Vegetarian (Meatless) Runza-Like Pastry

Cook the filling
Stick it in the dough

Bake it up all golden.

If you're not from this part of the Midwest, let me give you a crash course in Runzas. They are a cabbage and ground beef filling baked in a very fluffy dough pastry. People really seem to love them, in a somewhat fanatical fashion.

I hate to brag, but what I baked tonight (says my family) is a million times better than any Runza you can buy in a fast-food joint, meatless or not. Danny was somewhat skeptical, but after a couple bites he demolished that pastry down to the remaining crumbs.

The recipe makes a dozen. Using the fake-meat, it is probably best to re-heat them on a baking sheet in the oven rather than microwaving. I don't think they would be very nice cold. Fake-meat has limitations. I do think it could be made with seasoned black beans that have been mushed-up a bit if you really hate the texturised soy stuff. I'm not wild about it myself, but it worked really well for these.

You Will Need:

For the dough:

4 1/2 cups AP flour, divided
1/2 cup sugar
4 1/2 teaspoons granulated yeast
1 teaspoon salt
3/4 cup milk
1/2 cup lukewarm water
1/4 cup vegetable shortening
1/4 cup butter
2 eggs

Soften the yeast in the warm water and let proof. In a pan, scald the milk, vegetable shortening and butter. Cool to lukewarm. In a large bowl, combine 1 3/4 cup of the flour with the salt and sugar. Add the cooled milk mixture, the yeast and the eggs. With an electric mixer, beat three minutes on high until blended. By hand (a wooden spoon works well) mix in the remaining flour (You may need more or less) until you have a stiff, but workable dough. Knead well. Place in a buttered bowl and cover. Let rise 1 hour. Make the filling while you wait.

For The Filling:

1 tube Gimme Lean Ground Beef Substitute
3 tablespoons butter
3 tablespoons cooking oil
1 large onion, chopped
4 cups chopped cabbage
Salt and pepper to taste (the meat substitute is salty, so go easy)

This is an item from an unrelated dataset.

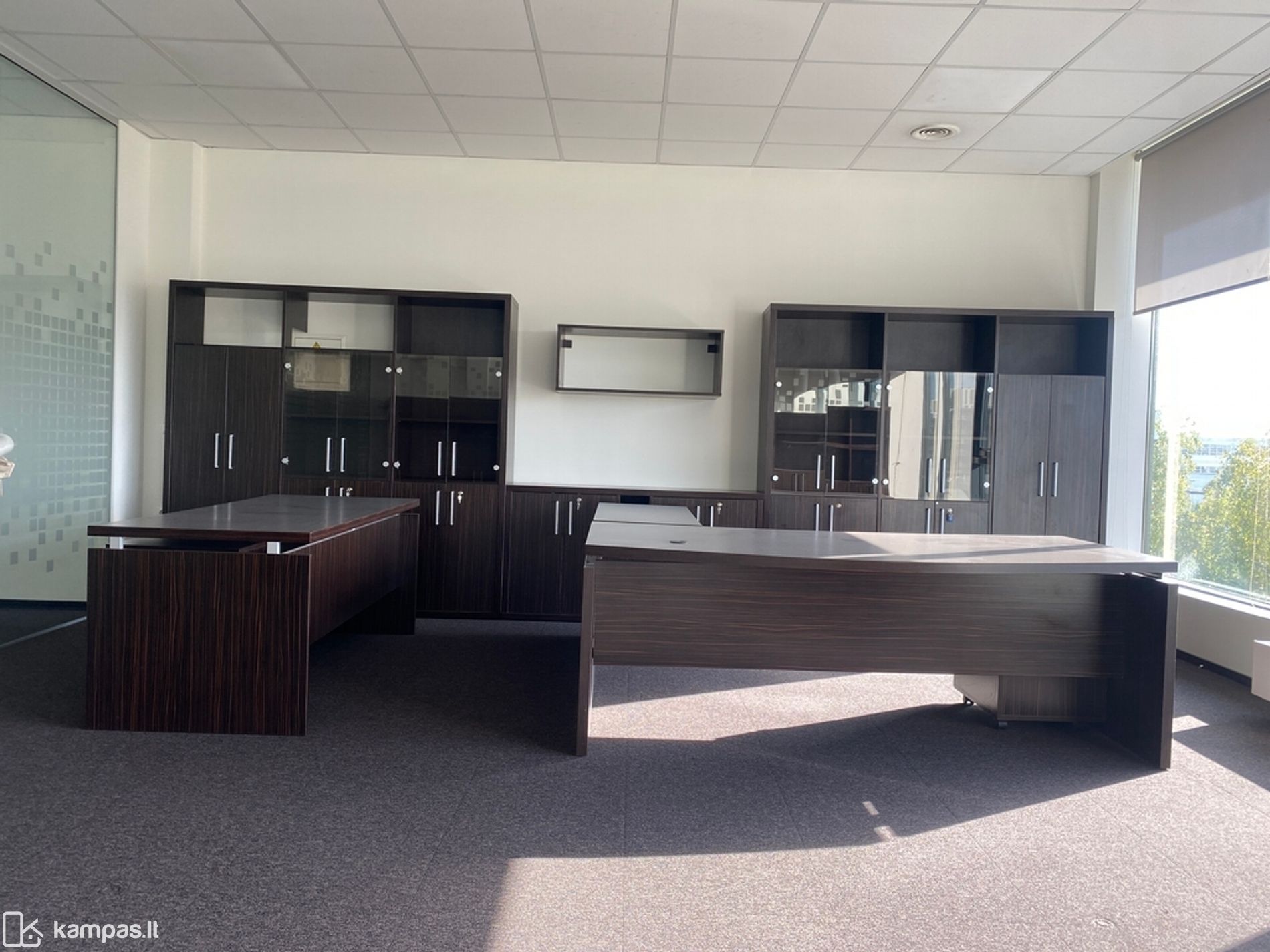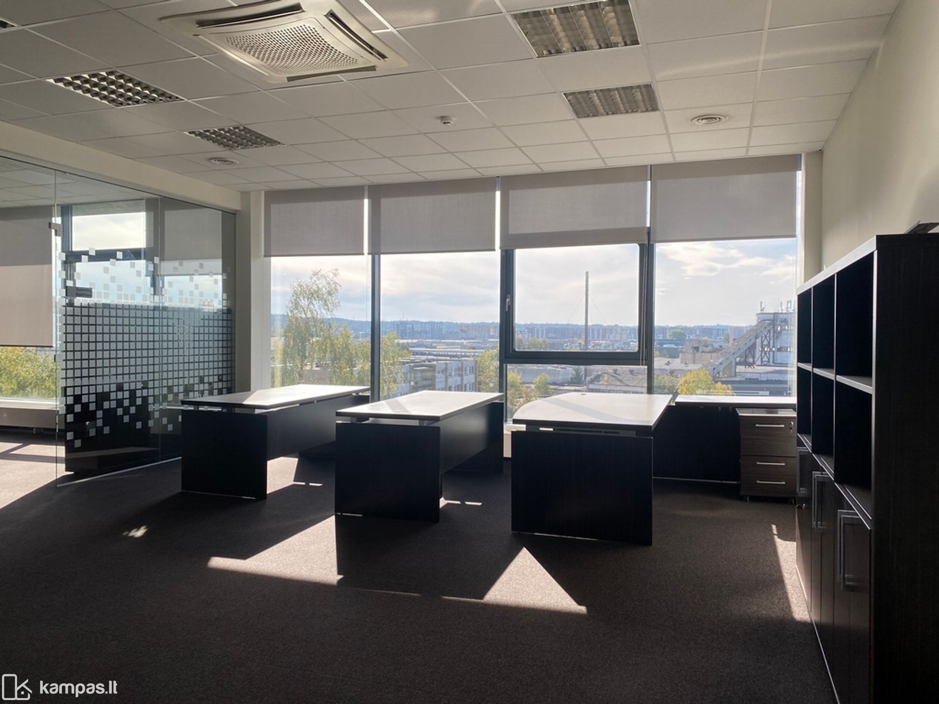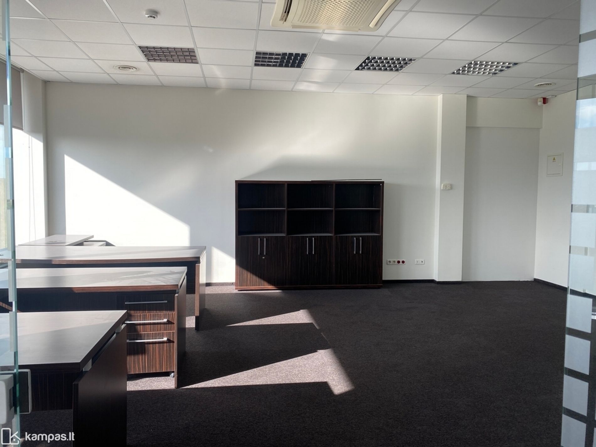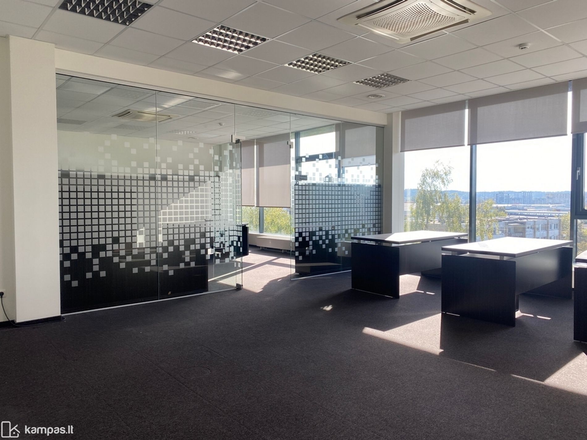 Langai pietų pusėse, kiliminė grindų danga, 3 erdvėsi, stiklo pertvaros, vitrininiai langai, kondicionieriai, rekuperacija, yra baldai nuomos kaina be baldų
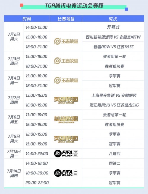 本次TGA夏季总决赛将于7月2日至17日进行,将开展12个项目的比赛,其中既有TGA腾讯电竞运动会的多项电竞对抗赛事,还有跑跑卡丁车手游、街霸:对决、QQ炫舞2、使命召唤手游、腾讯先锋-王者荣耀、腾讯先锋-欢乐斗地主等多个系列赛项目穿插其中,进一步丰富了赛事内容和趣味性,为全国电竞爱好者带来一场多元化的赛事盛宴。

Brown the onions in the oil and butter. Add the meat substitute and break-up well with a spatula. Cook a few minutes until browned. Add the cabbage and cook well until quite soft. Adjust seasonings and remove from heat. Cool slightly before filling pastry.

Preheat oven to 350 degrees F. Grease a large baking sheet (two if they are small)

Divide dough into 12 even pieces. Roll each out into a rectangle about 1/4 inch thick. Place a few tablespoons of filling in the centre. Fold and pinch closed. Pierce with a knife to vent and place on baking sheet. Repeat until all are done. Bake 20-30 minutes or until nicely browned and golden. Serve hot.